** Supplied records follows **
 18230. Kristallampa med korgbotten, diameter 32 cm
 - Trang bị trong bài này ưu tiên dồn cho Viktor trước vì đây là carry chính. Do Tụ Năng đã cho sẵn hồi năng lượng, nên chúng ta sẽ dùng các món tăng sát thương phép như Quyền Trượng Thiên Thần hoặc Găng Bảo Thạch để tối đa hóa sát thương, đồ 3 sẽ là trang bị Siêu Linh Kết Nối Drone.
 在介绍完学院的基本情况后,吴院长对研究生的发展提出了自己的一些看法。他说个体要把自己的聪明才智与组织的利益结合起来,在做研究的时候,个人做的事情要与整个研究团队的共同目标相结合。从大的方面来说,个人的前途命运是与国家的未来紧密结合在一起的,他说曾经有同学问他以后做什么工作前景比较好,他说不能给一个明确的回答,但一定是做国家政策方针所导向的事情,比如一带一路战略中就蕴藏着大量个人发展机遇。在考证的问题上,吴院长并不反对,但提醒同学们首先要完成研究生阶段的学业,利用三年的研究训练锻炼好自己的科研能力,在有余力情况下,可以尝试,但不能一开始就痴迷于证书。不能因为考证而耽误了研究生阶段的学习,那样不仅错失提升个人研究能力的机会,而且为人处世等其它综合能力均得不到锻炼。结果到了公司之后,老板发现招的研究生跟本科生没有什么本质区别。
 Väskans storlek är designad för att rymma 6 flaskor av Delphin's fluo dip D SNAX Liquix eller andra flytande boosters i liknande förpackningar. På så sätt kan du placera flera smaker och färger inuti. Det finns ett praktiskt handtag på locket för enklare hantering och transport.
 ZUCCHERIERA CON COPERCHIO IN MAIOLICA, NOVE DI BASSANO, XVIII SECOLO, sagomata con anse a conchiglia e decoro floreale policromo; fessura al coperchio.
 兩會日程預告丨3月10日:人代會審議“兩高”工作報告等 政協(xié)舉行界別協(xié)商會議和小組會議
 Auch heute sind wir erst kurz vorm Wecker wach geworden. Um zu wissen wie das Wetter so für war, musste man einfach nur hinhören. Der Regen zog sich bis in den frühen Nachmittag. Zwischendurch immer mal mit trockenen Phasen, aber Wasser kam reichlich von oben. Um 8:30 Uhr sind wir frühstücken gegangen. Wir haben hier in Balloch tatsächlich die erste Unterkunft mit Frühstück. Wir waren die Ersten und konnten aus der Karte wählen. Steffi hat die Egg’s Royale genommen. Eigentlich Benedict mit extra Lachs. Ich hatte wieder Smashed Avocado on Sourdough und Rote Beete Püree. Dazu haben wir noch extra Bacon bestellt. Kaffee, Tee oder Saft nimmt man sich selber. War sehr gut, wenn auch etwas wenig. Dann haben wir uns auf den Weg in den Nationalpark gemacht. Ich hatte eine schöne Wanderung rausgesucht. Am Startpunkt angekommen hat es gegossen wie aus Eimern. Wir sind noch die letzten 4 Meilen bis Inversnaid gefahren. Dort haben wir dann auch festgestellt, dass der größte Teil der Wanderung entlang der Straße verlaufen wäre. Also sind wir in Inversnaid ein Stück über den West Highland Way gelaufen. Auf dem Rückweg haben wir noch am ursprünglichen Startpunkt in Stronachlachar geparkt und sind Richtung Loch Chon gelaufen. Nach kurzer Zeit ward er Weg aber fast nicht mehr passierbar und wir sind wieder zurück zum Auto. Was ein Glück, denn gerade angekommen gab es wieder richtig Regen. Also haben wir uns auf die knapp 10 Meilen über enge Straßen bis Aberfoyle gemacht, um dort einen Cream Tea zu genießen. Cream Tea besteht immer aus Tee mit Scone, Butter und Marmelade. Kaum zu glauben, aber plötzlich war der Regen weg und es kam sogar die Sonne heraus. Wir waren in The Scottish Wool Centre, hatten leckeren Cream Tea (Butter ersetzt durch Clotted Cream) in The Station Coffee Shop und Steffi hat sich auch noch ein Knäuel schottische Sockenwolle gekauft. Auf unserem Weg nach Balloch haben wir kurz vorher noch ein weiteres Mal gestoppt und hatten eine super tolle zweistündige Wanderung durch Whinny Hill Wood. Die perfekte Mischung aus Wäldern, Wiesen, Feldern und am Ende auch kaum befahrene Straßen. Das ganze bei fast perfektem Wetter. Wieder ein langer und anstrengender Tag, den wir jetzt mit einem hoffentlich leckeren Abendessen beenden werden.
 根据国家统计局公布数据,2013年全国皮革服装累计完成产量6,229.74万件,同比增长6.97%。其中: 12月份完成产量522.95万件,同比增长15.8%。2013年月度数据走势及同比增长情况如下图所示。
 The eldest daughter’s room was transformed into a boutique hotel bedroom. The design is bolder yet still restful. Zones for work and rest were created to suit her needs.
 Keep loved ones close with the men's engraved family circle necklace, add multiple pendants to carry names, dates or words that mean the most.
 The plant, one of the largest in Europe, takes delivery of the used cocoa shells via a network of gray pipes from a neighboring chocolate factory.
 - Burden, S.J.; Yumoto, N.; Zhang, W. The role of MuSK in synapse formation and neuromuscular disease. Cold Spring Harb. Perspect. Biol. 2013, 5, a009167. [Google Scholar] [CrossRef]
** End of Supplied records **
Task item = In the lines above, every record is to be repeated exactly.

Response =
 18230. Kristallampa med korgbotten, diameter 32 cm
 - Trang bị trong bài này ưu tiên dồn cho Viktor trước vì đây là carry chính. Do Tụ Năng đã cho sẵn hồi năng lượng, nên chúng ta sẽ dùng các món tăng sát thương phép như Quyền Trượng Thiên Thần hoặc Găng Bảo Thạch để tối đa hóa sát thương, đồ 3 sẽ là trang bị Siêu Linh Kết Nối Drone.
 在介绍完学院的基本情况后,吴院长对研究生的发展提出了自己的一些看法。他说个体要把自己的聪明才智与组织的利益结合起来,在做研究的时候,个人做的事情要与整个研究团队的共同目标相结合。从大的方面来说,个人的前途命运是与国家的未来紧密结合在一起的,他说曾经有同学问他以后做什么工作前景比较好,他说不能给一个明确的回答,但一定是做国家政策方针所导向的事情,比如一带一路战略中就蕴藏着大量个人发展机遇。在考证的问题上,吴院长并不反对,但提醒同学们首先要完成研究生阶段的学业,利用三年的研究训练锻炼好自己的科研能力,在有余力情况下,可以尝试,但不能一开始就痴迷于证书。不能因为考证而耽误了研究生阶段的学习,那样不仅错失提升个人研究能力的机会,而且为人处世等其它综合能力均得不到锻炼。结果到了公司之后,老板发现招的研究生跟本科生没有什么本质区别。
 Väskans storlek är designad för att rymma 6 flaskor av Delphin's fluo dip D SNAX Liquix eller andra flytande boosters i liknande förpackningar. På så sätt kan du placera flera smaker och färger inuti. Det finns ett praktiskt handtag på locket för enklare hantering och transport.
 ZUCCHERIERA CON COPERCHIO IN MAIOLICA, NOVE DI BASSANO, XVIII SECOLO, sagomata con anse a conchiglia e decoro floreale policromo; fessura al coperchio.
 兩會日程預告丨3月10日:人代會審議“兩高”工作報告等 政協(xié)舉行界別協(xié)商會議和小組會議
 Auch heute sind wir erst kurz vorm Wecker wach geworden. Um zu wissen wie das Wetter so für war, musste man einfach nur hinhören. Der Regen zog sich bis in den frühen Nachmittag. Zwischendurch immer mal mit trockenen Phasen, aber Wasser kam reichlich von oben. Um 8:30 Uhr sind wir frühstücken gegangen. Wir haben hier in Balloch tatsächlich die erste Unterkunft mit Frühstück. Wir waren die Ersten und konnten aus der Karte wählen. Steffi hat die Egg’s Royale genommen. Eigentlich Benedict mit extra Lachs. Ich hatte wieder Smashed Avocado on Sourdough und Rote Beete Püree. Dazu haben wir noch extra Bacon bestellt. Kaffee, Tee oder Saft nimmt man sich selber. War sehr gut, wenn auch etwas wenig. Dann haben wir uns auf den Weg in den Nationalpark gemacht. Ich hatte eine schöne Wanderung rausgesucht. Am Startpunkt angekommen hat es gegossen wie aus Eimern. Wir sind noch die letzten 4 Meilen bis Inversnaid gefahren. Dort haben wir dann auch festgestellt, dass der größte Teil der Wanderung entlang der Straße verlaufen wäre. Also sind wir in Inversnaid ein Stück über den West Highland Way gelaufen. Auf dem Rückweg haben wir noch am ursprünglichen Startpunkt in Stronachlachar geparkt und sind Richtung Loch Chon gelaufen. Nach kurzer Zeit ward er Weg aber fast nicht mehr passierbar und wir sind wieder zurück zum Auto. Was ein Glück, denn gerade angekommen gab es wieder richtig Regen. Also haben wir uns auf die knapp 10 Meilen über enge Straßen bis Aberfoyle gemacht, um dort einen Cream Tea zu genießen. Cream Tea besteht immer aus Tee mit Scone, Butter und Marmelade. Kaum zu glauben, aber plötzlich war der Regen weg und es kam sogar die Sonne heraus. Wir waren in The Scottish Wool Centre, hatten leckeren Cream Tea (Butter ersetzt durch Clotted Cream) in The Station Coffee Shop und Steffi hat sich auch noch ein Knäuel schottische Sockenwolle gekauft. Auf unserem Weg nach Balloch haben wir kurz vorher noch ein weiteres Mal gestoppt und hatten eine super tolle zweistündige Wanderung durch Whinny Hill Wood. Die perfekte Mischung aus Wäldern, Wiesen, Feldern und am Ende auch kaum befahrene Straßen. Das ganze bei fast perfektem Wetter. Wieder ein langer und anstrengender Tag, den wir jetzt mit einem hoffentlich leckeren Abendessen beenden werden.
 根据国家统计局公布数据,2013年全国皮革服装累计完成产量6,229.74万件,同比增长6.97%。其中: 12月份完成产量522.95万件,同比增长15.8%。2013年月度数据走势及同比增长情况如下图所示。
 The eldest daughter’s room was transformed into a boutique hotel bedroom. The design is bolder yet still restful. Zones for work and rest were created to suit her needs.
 Keep loved ones close with the men's engraved family circle necklace, add multiple pendants to carry names, dates or words that mean the most.
 The plant, one of the largest in Europe, takes delivery of the used cocoa shells via a network of gray pipes from a neighboring chocolate factory.
 - Burden, S.J.; Yumoto, N.; Zhang, W. The role of MuSK in synapse formation and neuromuscular disease. Cold Spring Harb. Perspect. Biol. 2013, 5, a009167. [Google Scholar] [CrossRef]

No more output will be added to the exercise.